*** Listed records Section Begins ***

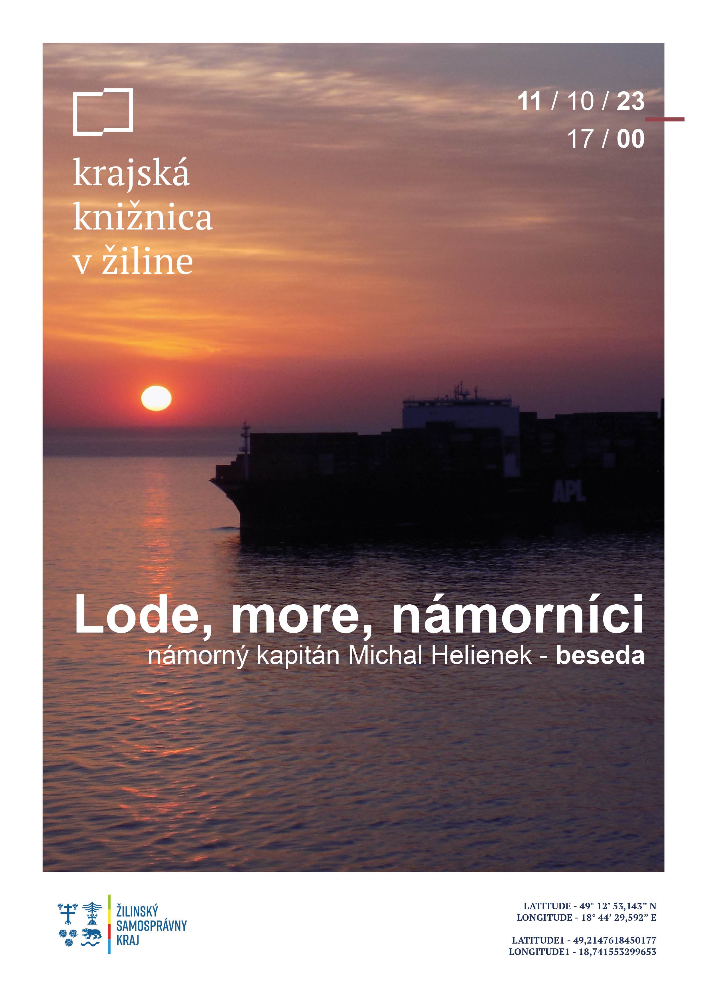 Pozývame vás na nezabudnuteľné dobrodružstvo na mori – Lode, more, námorníci. Príďte a ponorte sa do sveta gigantických kontajnerových lodí, ktoré preplavujú svetové oceány. Zistite, aké to je byť kapitánom jednej z týchto nádher a počúvajte príbehy o živote, práci a námornej romantike. Námorný kapitán Michal Helienek vás prevedie svojím fascinujúcim svetom pomocou obrazov i slov. Zabudnite na stereotypy a pozrite sa na život na mori zblízka, tešíme sa na vás 11. októbra o 17:00 v Krajskej knižnici v Žiline.
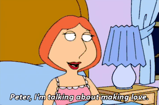 Peter, I'm talking about making love. Oh, I thought you wanted us to murder the children and harvest their organs for beer money.
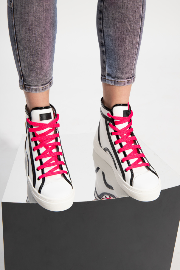 White, black and pink ‘Binding’ sneakers from Furla. Trimmed with leather, this lace-up design features a patch with a raised logo and a white rubber sole.
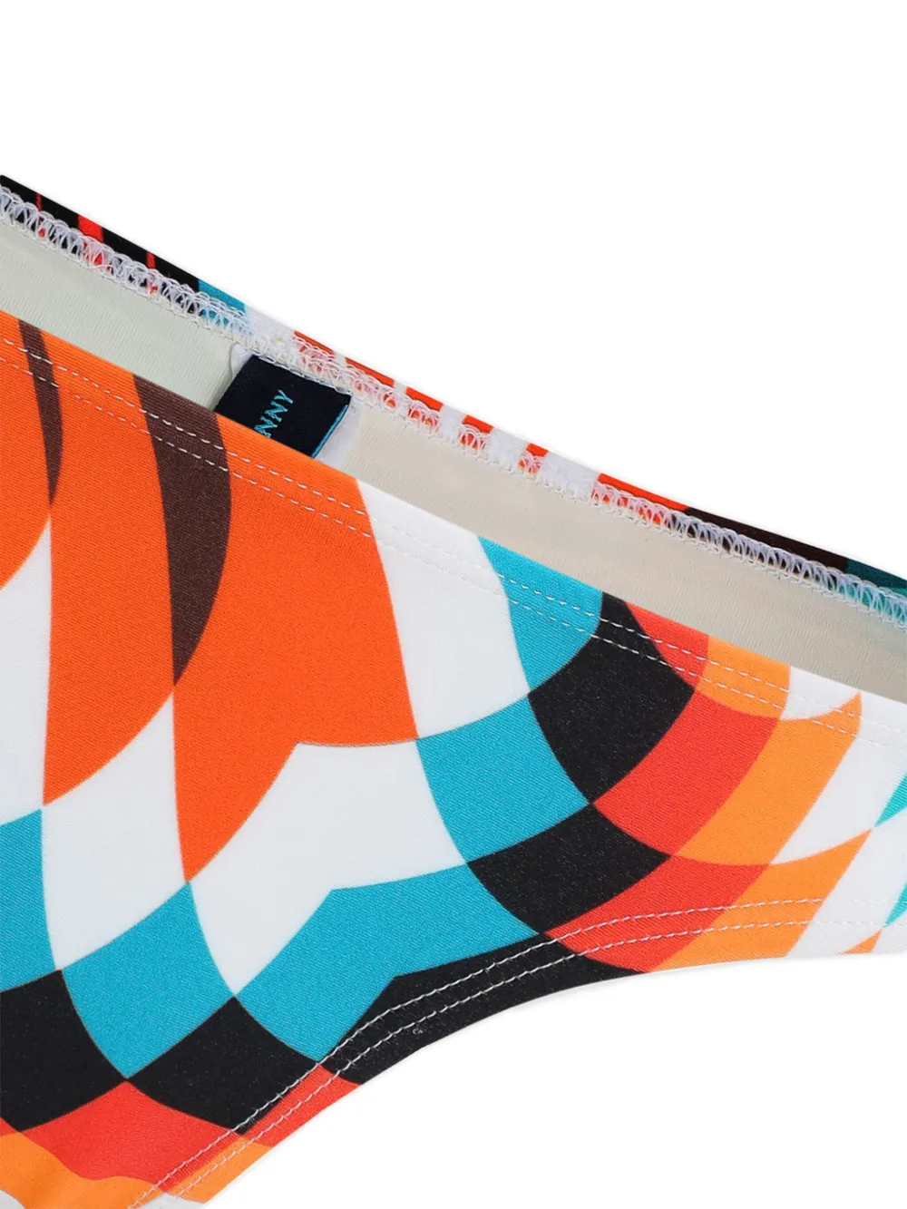 oranje/blauw/wit geometrisch patroon elastische tailleband logopatch aan de binnenkant instapmodel Zwemkleding moet over je eigen kleding worden aangepast.
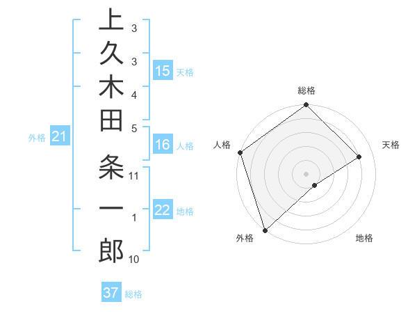 上久木田 条一郎さんを姓名の画数から五運を鑑定
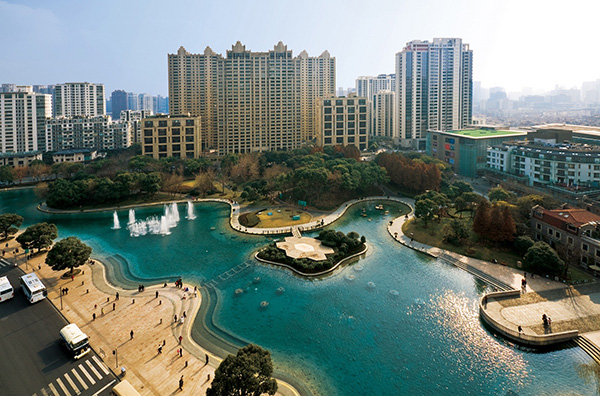 上海市中心最大的人工湖綠地太平橋公園。
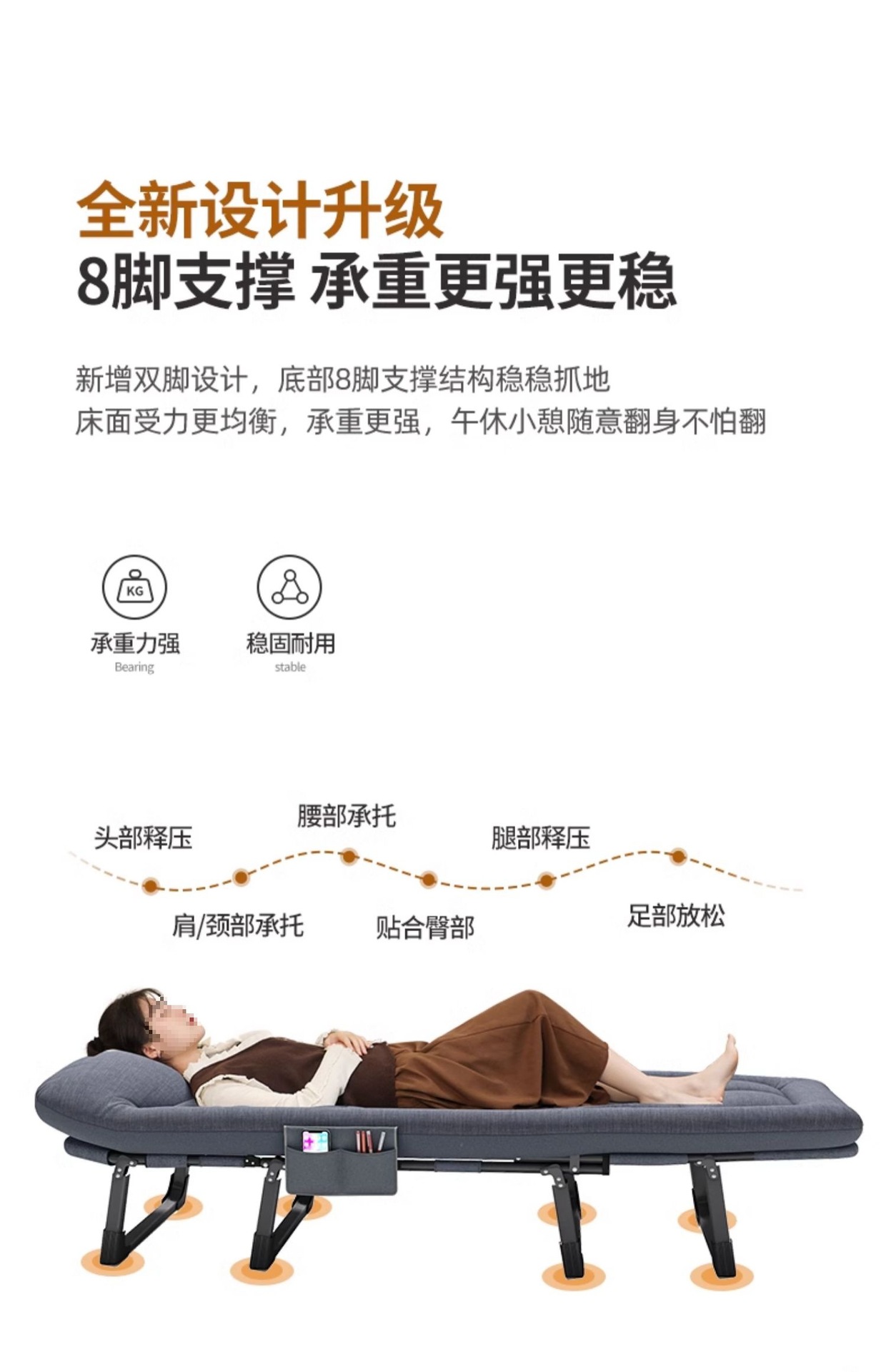 성인 점심 시간 접이식 침대 사무실 싱글 안락 의자 간단한 휴대용 병원 동반자 침대 캠프 낮잠 T&

*** Listed records Section Ends ***

§ **What you should do**
Print out the whole of the material word for word, without pictures.

§ **Output of the exercise**
 Pozývame vás na nezabudnuteľné dobrodružstvo na mori – Lode, more, námorníci. Príďte a ponorte sa do sveta gigantických kontajnerových lodí, ktoré preplavujú svetové oceány. Zistite, aké to je byť kapitánom jednej z týchto nádher a počúvajte príbehy o živote, práci a námornej romantike. Námorný kapitán Michal Helienek vás prevedie svojím fascinujúcim svetom pomocou obrazov i slov. Zabudnite na stereotypy a pozrite sa na život na mori zblízka, tešíme sa na vás 11. októbra o 17:00 v Krajskej knižnici v Žiline.
 Peter, I'm talking about making love. Oh, I thought you wanted us to murder the children and harvest their organs for beer money.
 White, black and pink ‘Binding’ sneakers from Furla. Trimmed with leather, this lace-up design features a patch with a raised logo and a white rubber sole.
 oranje/blauw/wit geometrisch patroon elastische tailleband logopatch aan de binnenkant instapmodel Zwemkleding moet over je eigen kleding worden aangepast.
 上久木田 条一郎さんを姓名の画数から五運を鑑定
 上海市中心最大的人工湖綠地太平橋公園。
 성인 점심 시간 접이식 침대 사무실 싱글 안락 의자 간단한 휴대용 병원 동반자 침대 캠프 낮잠 T&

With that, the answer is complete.